Of course, employees have rights; employers are constrained by rafts of laws which protect employees from exploitation and unfairness. If Folau’s contract with Rugby Australia said nothing relevant to his private social media usage, then he could not validly be disciplined under it for his posts. He has the full protection of contract law, anti-discrimination law and plenty of other laws.
Still, the contractual bargain has a role to play. An employer acting in good faith has the right to impose its organisational values on its employees; they can make and enforce reasonable rules in relation to behaviour which promotes or degrades those values. In Folau’s case, there’s no question of ignorance or inadvertence. He did the same thing a year ago and was given a second chance with the promise that he’d lay off the anti-gay posts.
Another thing this is not about: the quasi-religious status of sport in Australia. Yes, Rugby Australia occupies the peak position in a major football code; it speaks for rugby and it influences social norms. If that makes it a religion, so be it. Either way, it has no greater or lesser a right than any other body of influence to regulate the messages it chooses to transmit.

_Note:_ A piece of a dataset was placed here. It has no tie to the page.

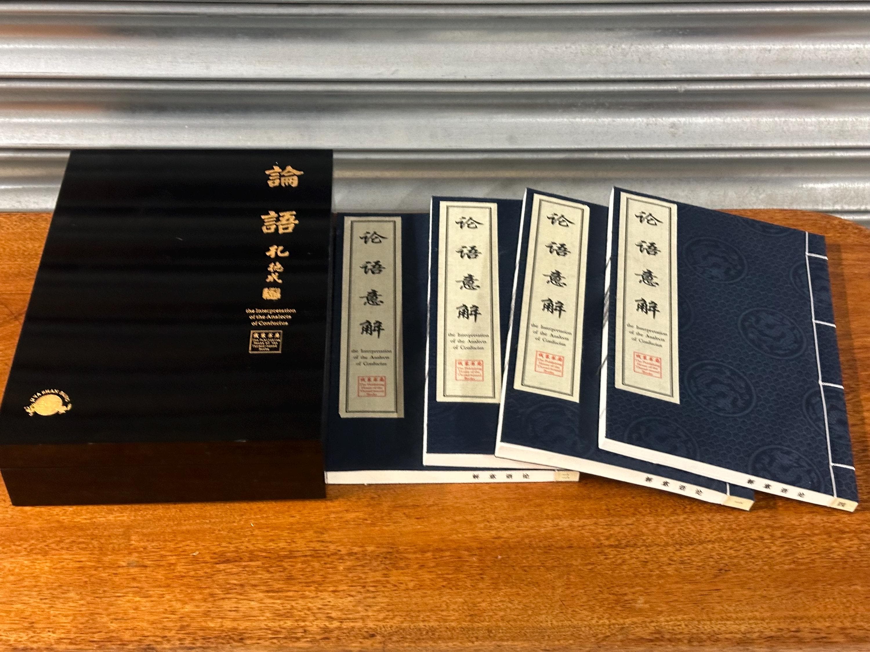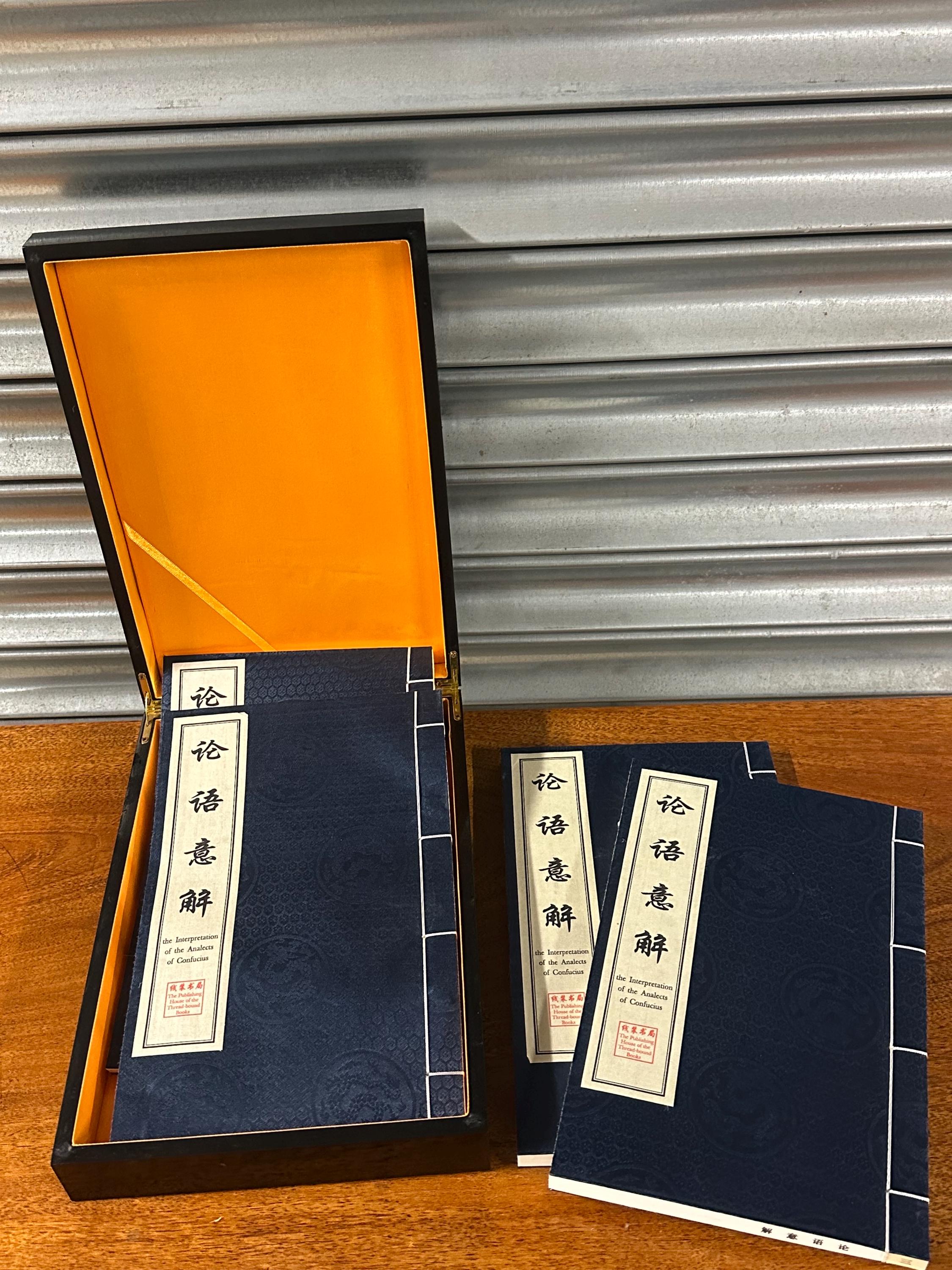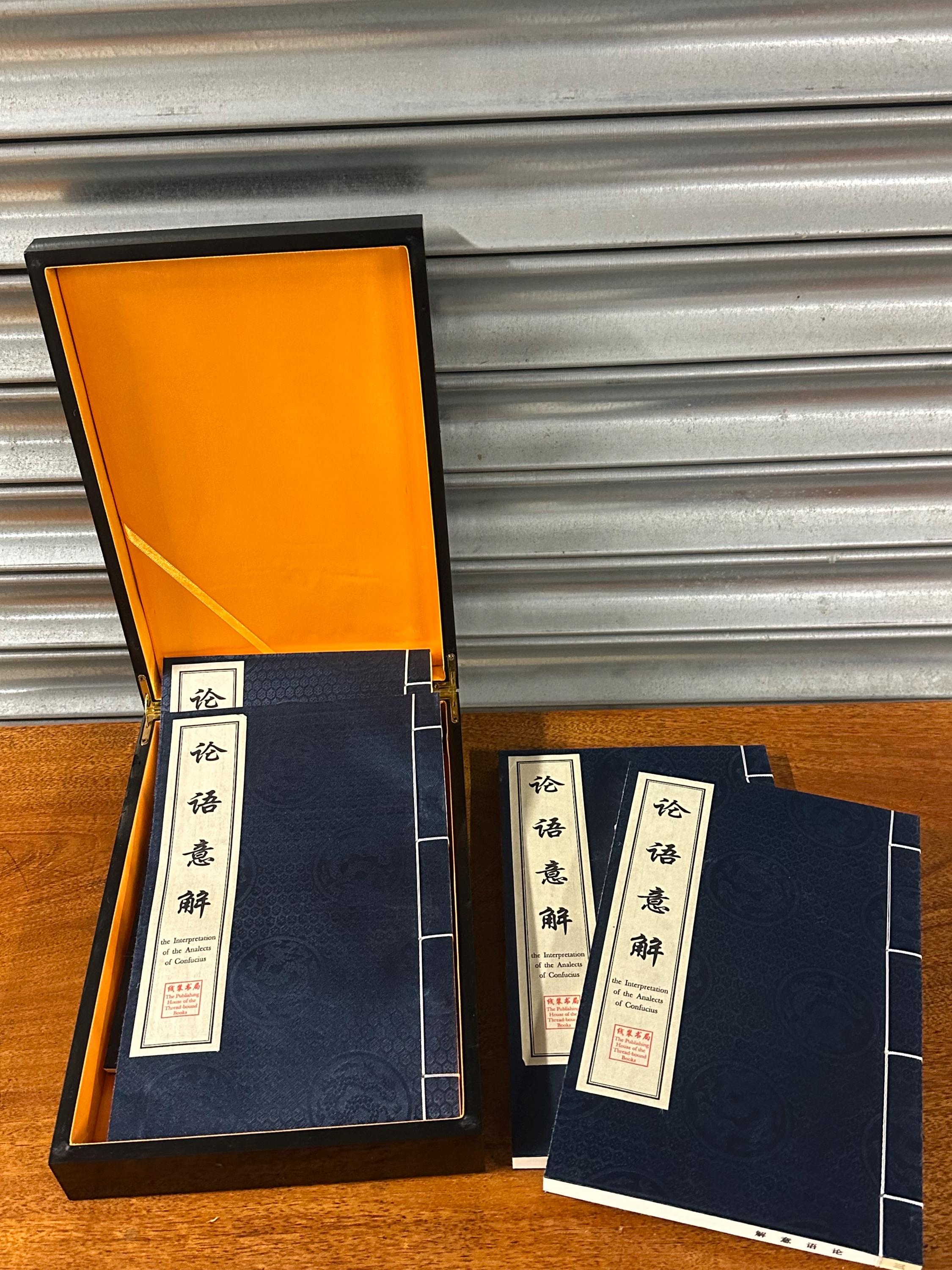 A beautiful modern Chinese thread-bound edition of The Interpretation of the Analects of Confucius, presented in an elegant black slipcase with gilt Chinese calligraphy.

It would pass without comment if a religious school sacked a teacher who had been publicly proclaiming that God doesn’t exist. That’s not to equate rugby with faith; rather, it shows how far employers (religious bodies and secular organisations) may go to enforce uniformity of public expression by its employees.
There are legitimate arguments to be had about what an employer should be able to control. The High Court is currently hearing a case regarding the Commonwealth’s ability to prevent public servants from criticising government policy on social media. The Jack de Belin case is exploring a different aspect of the same thing: whether the NRL can protect its public image at the cost of its players’ individual rights (in de Belin’s case, the presumption of innocence). Businesses are increasingly seeking to assert control over their employees’ public presence, prioritising commercial interests over free speech. There has to be a limit to that.
If you accept that these broader questions don’t have clear answers, Folau’s case is not so difficult. Rugby Australia is a public-facing institution; its players are, as they know and accept, its prize assets and promoted as role models. The game promulgates specific values, which include the core value of diversity and acceptance.
Folau openly flouted that core value. His action cannot be reconciled with what Rugby Australia stands for. If he were allowed to remain — if they kept paying him to wear their stripe — then the whole thing would be a joke.
Opinions widely differ as to whether Israel Folau should be allowed to express his religious beliefs without risk to his employment, or whether that should be governed only by his performances on the field. I’d say no, but only one opinion actually matters: that of Folau’s employer. Rugby Australia has said that this behaviour it cannot accept. It has every right to do so.